Barcelona mayor eyes re-election as Spain campaign starts

After eight years running City Hall, Barcelona's left-wing mayor, Ada Colau, is eyeing a third mandate on May 28, when Spain votes in local and regional elections whose outcome is unclear. . The polls are widely seen as a trial run ahead of a year-end general election, which is expected to be a tight race for the left-wing government of Socialist Prime Minister Pedro Sanchez. 

After eight years running City Hall, Barcelona's left-wing mayor, Ada Colau, is eyeing a third mandate on May 28, when Spain votes in local and regional elections whose outcome is unclear. 

A total of 36 million people will cast their ballots to elect local leaders and mayors in 12 of Spain's 17 regions on that day, with the election campaign formally starting on Friday. 

The polls are widely seen as a trial run ahead of a year-end general election, which is expected to be a tight race for the left-wing government of Socialist Prime Minister Pedro Sanchez. 
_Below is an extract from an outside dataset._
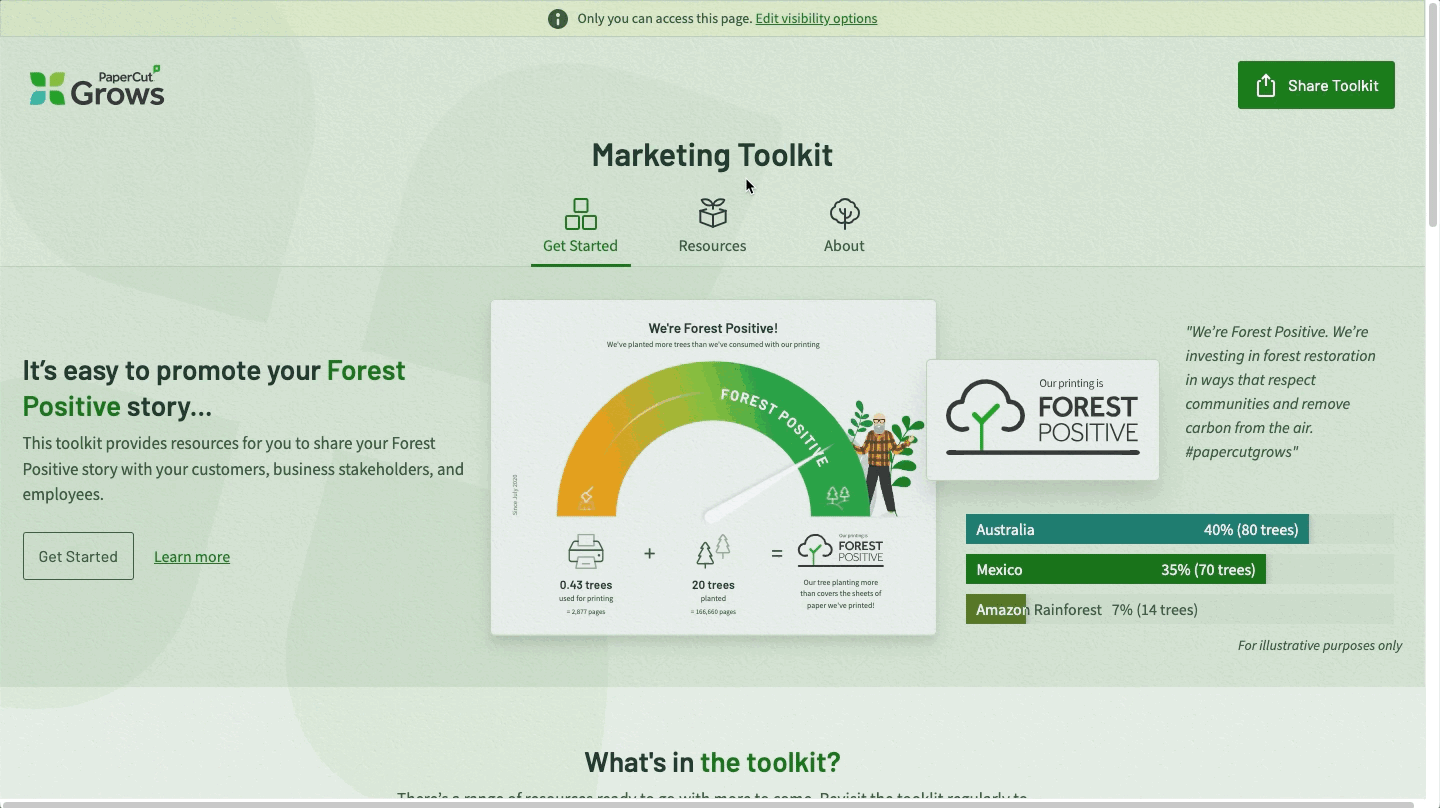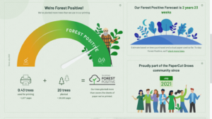 Environmentally conscious customers aspire to back sustainable paper production but face challenges in gauging their impact or determining suitable contributions. Consequently, they encounter difficulty motivating print users to save or participate in sustainable paper production efforts.

In Barcelona, where Catalan separatists staged a failed independence bid in 2017, polls put Colau neck-and-neck with her two closest rivals -- Socialist candidate Jaume Collboni and Xavier Trias, a conservative nationalist and her predecessor as Barcelona mayor. 

In 2015, after four years in office, Trias lost his seat to Colau, a former housing rights activist.

She was elected at the head of a citizens' platform backed by the hard-left Podemos, the junior partner in Sanchez's coalition. 

The pair are once again set to face off in the polls but much has changed since 2015 in this city of 1.6 million inhabitants.

During the same elections that year, Madrid also elected another Podemos-backed candidate, Manuela Carmena, as mayor but the city has since swung firmly to the right. 

- Tackling mass tourism -

Colau, who doesn't consider herself a separatist, was re-elected in 2019 thanks to support from ex-French premier Manuel Valls, himself a candidate.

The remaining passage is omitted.